[Stored records]
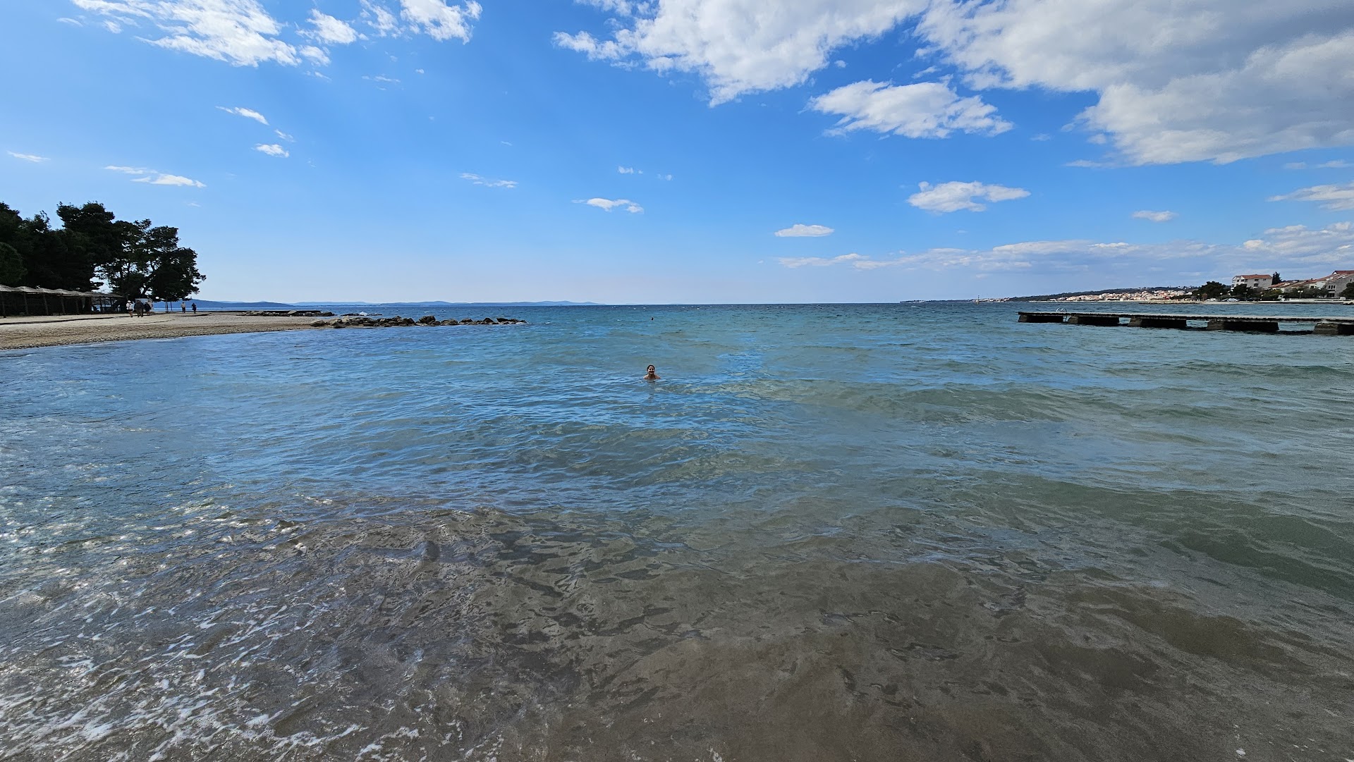 If you are used with sand beaches, don't go there with big expectations. You also need to have water shoes. There are some pontoons there. One of it is finishing in sand and it was a lucky event. You can rent sunbeds, but the shade is only under some trees. No umbrellas. The water is clean. From Zadar, this beach is at 4 km distance and I am not...
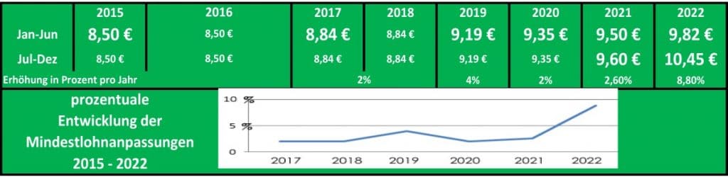 Die Daumenschrauben werden angezogen, die Mindestlohnkommission empfiehlt eine jährliche Lohnerhöhung von je 5,7 Prozent für die kommenden zwei Jahre, all das in vier Schritten (siehe Grafik), allerdings – wohl coronabedingt – zumindest mit einem relativ soften Start. Der große Schritt kommt dann erst zum Schluss, und das ist auch gut so, denn das gibt endlich mal etwas mehr Zeit für die Umsetzung und somit zumindest etwas mehr Planungssicherheit für unser Gewerbe. Trotzdem sind 11,44 Prozent Lohnerhöhung innerhalb der kommenden zwei Jahre natürlich ein deftiger Schluck aus der Pulle … und ein Ende ist da wohl noch nicht in Sicht, wenn man den vollmundigen Statements derjenigen trauen darf, die den Mindestlohn nicht selbst finanzieren müssen.
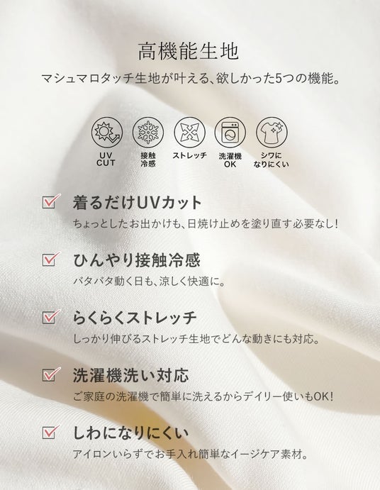 マシュマロタッチ生地が叶える、欲しかった3つの機能を叶えた生地。接触冷感・UVカット・洗濯機OK。
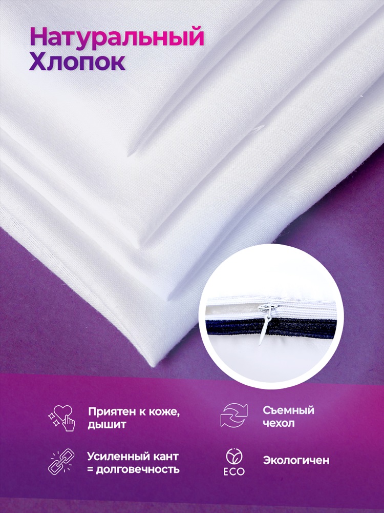Модель: Подушка для сна 50х70 см средняя жесткость, анатомическая, съемный чехол из хлопка
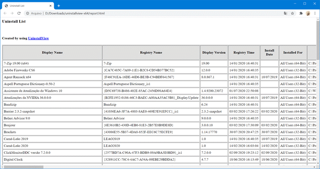 4. A lista de programas instalados no computador será aberta automaticamente em seu navegador padrão com informações como nome, versão, data de instalação, pasta de instalação, entre outros.
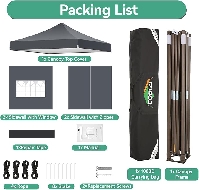 - [Included Accessories, Warranty Service] 1x Commercial Grade 10x10 Pop Up Tent Frame, 1x 420D Top Cover, 2x window sidewalls, 2x zipper door sidewall, 8x Ground Pegs, 4x Windproof Ropes, 1x Hand Bag, 1x Manual.We provide 1 year warranty service. If you have any problems and questions, please feel free to contact us, we will give you the best help. Choosing us means choosing a comfortable life.
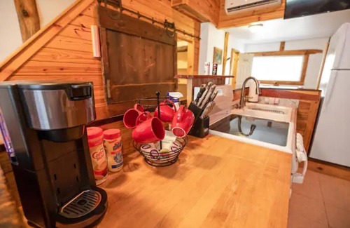 Fully equipped kitchen surrounded by beautiful dark walnut bar, 65" Roku TV w/premium cable, HBO Max, Amazon Prime and many other premium Apps. Plush Aniline leather couch and chair, in house laundry, and upper loft with queen size DreamCloud Hybrid Mattress and Roku smart TV. Also, there is a large covered parking area directly outside of the front door large enough to accommodate 2 small vehicles.
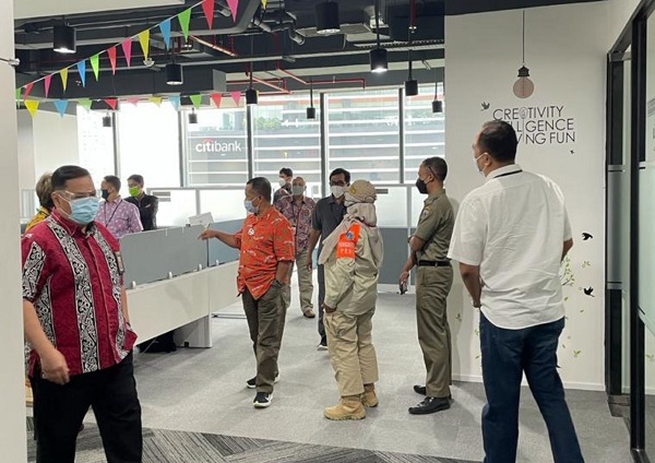 Kepala Kanwil DJP Jakarta Selatan II Edi Slamet Irianto bersama beberapa pejabat Eselon III mendampingi petugas pemeriksaan, Penyidik Pegawai Negeri Sipil Satuan Polisi Pamong Praja Prov. DKI Jakarta Henny Yusfida dan tim, untuk melakukan pengecekan di setiap ruang kerja termasuk ruang rapat dan aula. Hasil pemeriksaan dinyatakan tidak ditemukan melakukan pelanggaran PSBB yang dituangkan dalam Berita Acara Pemeriksaan.
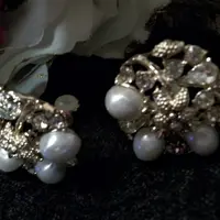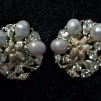 vintage, jewelry, earrings, clip on, wedding earrings, wedding jewelry, ornate, artistic, modern cluster, bridal, vintage costume jewelry, beaded jewelry, pearl jewelry, pearl earrings, rhinestone earrings, white earrings,
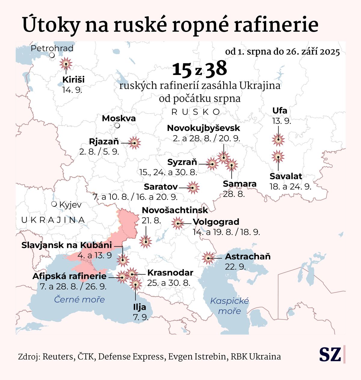 V rámci ukrajinské kampaně zasažené ruské rafinérie k 26. září 2025
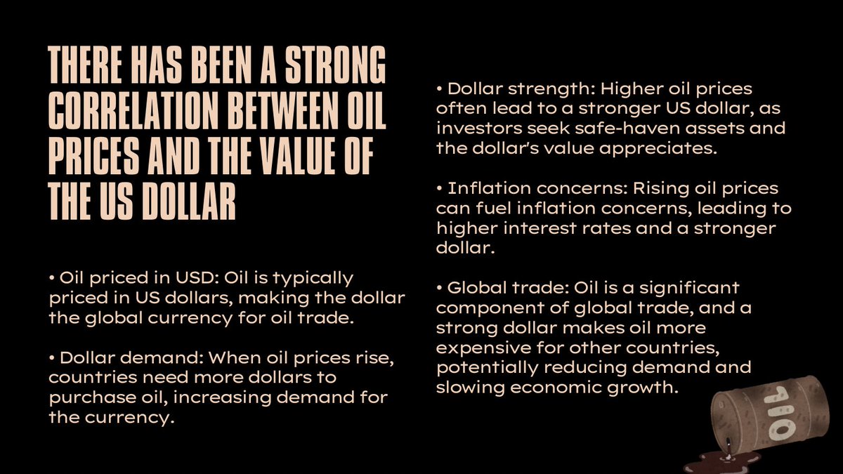 4. You see, the value of US dollar is linked to the value of oil. This means when oil prices rise, countries need more dollars to purchase oil, increasing demand for the currency.

YOUR INSTRUCTIONS: Your answer must be the exact lines of the records from the first one through the line containing "Модель: Подушка для", with no pictures in it.

OUTPUT OF THE TASK:
 If you are used with sand beaches, don't go there with big expectations. You also need to have water shoes. There are some pontoons there. One of it is finishing in sand and it was a lucky event. You can rent sunbeds, but the shade is only under some trees. No umbrellas. The water is clean. From Zadar, this beach is at 4 km distance and I am not...
 Die Daumenschrauben werden angezogen, die Mindestlohnkommission empfiehlt eine jährliche Lohnerhöhung von je 5,7 Prozent für die kommenden zwei Jahre, all das in vier Schritten (siehe Grafik), allerdings – wohl coronabedingt – zumindest mit einem relativ soften Start. Der große Schritt kommt dann erst zum Schluss, und das ist auch gut so, denn das gibt endlich mal etwas mehr Zeit für die Umsetzung und somit zumindest etwas mehr Planungssicherheit für unser Gewerbe. Trotzdem sind 11,44 Prozent Lohnerhöhung innerhalb der kommenden zwei Jahre natürlich ein deftiger Schluck aus der Pulle … und ein Ende ist da wohl noch nicht in Sicht, wenn man den vollmundigen Statements derjenigen trauen darf, die den Mindestlohn nicht selbst finanzieren müssen.
 マシュマロタッチ生地が叶える、欲しかった3つの機能を叶えた生地。接触冷感・UVカット・洗濯機OK。
Модель: Подушка для сна 50х70 см средняя жесткость, анатомическая, съемный чехол из хлопка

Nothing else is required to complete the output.